Sunday 10 April 2011

Not my will, but Yours

Dr. Carolyn Myss tells a story of a sick woman whose condition went undiagnosed. The woman couldn't accept that this was happening to her, that her body was ill and no one could provide an explanation about why this was.

She said that she lived in a state of resignation, as if to say that she wanted to bargain; if she said she accepted her illness, she believed that she should receive some reward.

"I was living in this type of attitude that said, 'All right, I'll do this. Now reward me for it by making me feel better.' And then, that night, I realized that I might never feel better and if that's the case, what would I then say to God? I surrendered completely. I said, 'Whatever you choose for me, so be it. Just give me strength.'"

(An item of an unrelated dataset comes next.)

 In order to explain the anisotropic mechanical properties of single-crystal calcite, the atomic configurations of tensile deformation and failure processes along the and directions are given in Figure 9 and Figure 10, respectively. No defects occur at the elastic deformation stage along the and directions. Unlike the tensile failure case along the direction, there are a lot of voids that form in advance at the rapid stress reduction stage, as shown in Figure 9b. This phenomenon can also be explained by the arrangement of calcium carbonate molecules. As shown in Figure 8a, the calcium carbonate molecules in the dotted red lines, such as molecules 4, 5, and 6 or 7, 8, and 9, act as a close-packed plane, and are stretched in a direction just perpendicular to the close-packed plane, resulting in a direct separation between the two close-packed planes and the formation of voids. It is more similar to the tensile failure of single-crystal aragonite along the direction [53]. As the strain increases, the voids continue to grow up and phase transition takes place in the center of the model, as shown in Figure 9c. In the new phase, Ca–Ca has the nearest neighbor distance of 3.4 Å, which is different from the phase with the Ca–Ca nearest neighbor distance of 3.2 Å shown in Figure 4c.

Resignation is not the same as surrender. When you resign yourself to something, you say to everyone and yourself, "Well, I guess this is about as good as it's going to get." Whatever "it" may be. I've felt that way a long time about my love life. I had discussions with God about Tim last year... and I quote, "This is what I have to work with? Really?"

Surrender is letting go, truly, without any thought of reward or a "wink-wink" to the Universe that it'll finally give you what you want if you just say you give up. That's like an actor saying a line, and pretty meaningless, even if the actor is good.

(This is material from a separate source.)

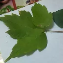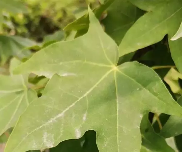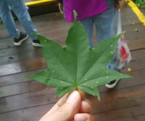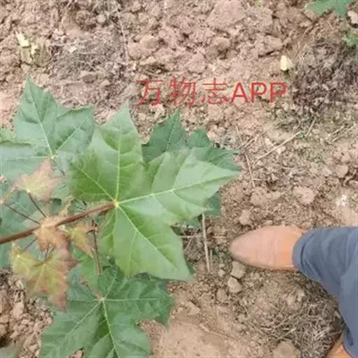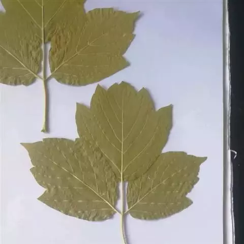 叶纸质,基部截形或近于心脏形,叶片的外貌近于椭圆形,长6-8厘米,宽9-11厘米,常5裂,有时3裂及7裂的叶生于同一树上;裂片卵形,先端锐尖或尾状锐尖,全缘,裂片间的凹缺常锐尖,深达叶片的中段,上面深绿色,无毛,下面淡绿色,除了在叶脉上或脉腋被黄色短柔毛外,其余部分无毛;主脉5条,在上面显著,在下面微凸起,侧脉在两面均不显著;叶柄长4-6厘米,细瘦,无毛。

I have found, though, that sometimes just when you surrender, it does work out and you do get what you thought you wanted. Sometimes, what you wanted disappears, never to be seen again. You never know what the Universe will do. Sometimes it'll zig when you think it might zag. In the immortal words of Mick Jagger, though, you'll "get what you need" even when you can't always get what you want.

There are a lot of jobs I wanted that I never interviewed for. There were guys I wanted a chance with who didn't make the slightest effort to get to know me. But then, I have been blessed with so much work, and knowing so many people. My life is in a constant state of change, from one year to the next, but some people are stable and stick with me month after month, year after year, while others add flavor for a while. Looking at the big picture isn't all about seeing what you didn't get to do; it's about seeing both the opportunities and the dead-ends. It's planting seeds; some grow into beautiful plants, while others don't. Maybe a seed you plant is eaten by a bird and then pooped out and then grows somewhere else, for someone else. Whatever! It's all good, as the hippies out west say.

My challenge these days is to look at what's out there, both the opportunities and the dead-ends, and say to the Universe, I'll show up and give this stuff a try, and it's your job to get to me all the things that I should have. It's my job not to argue why you give me this instead of that. It's my job to be grateful and make my life be as good as it can be.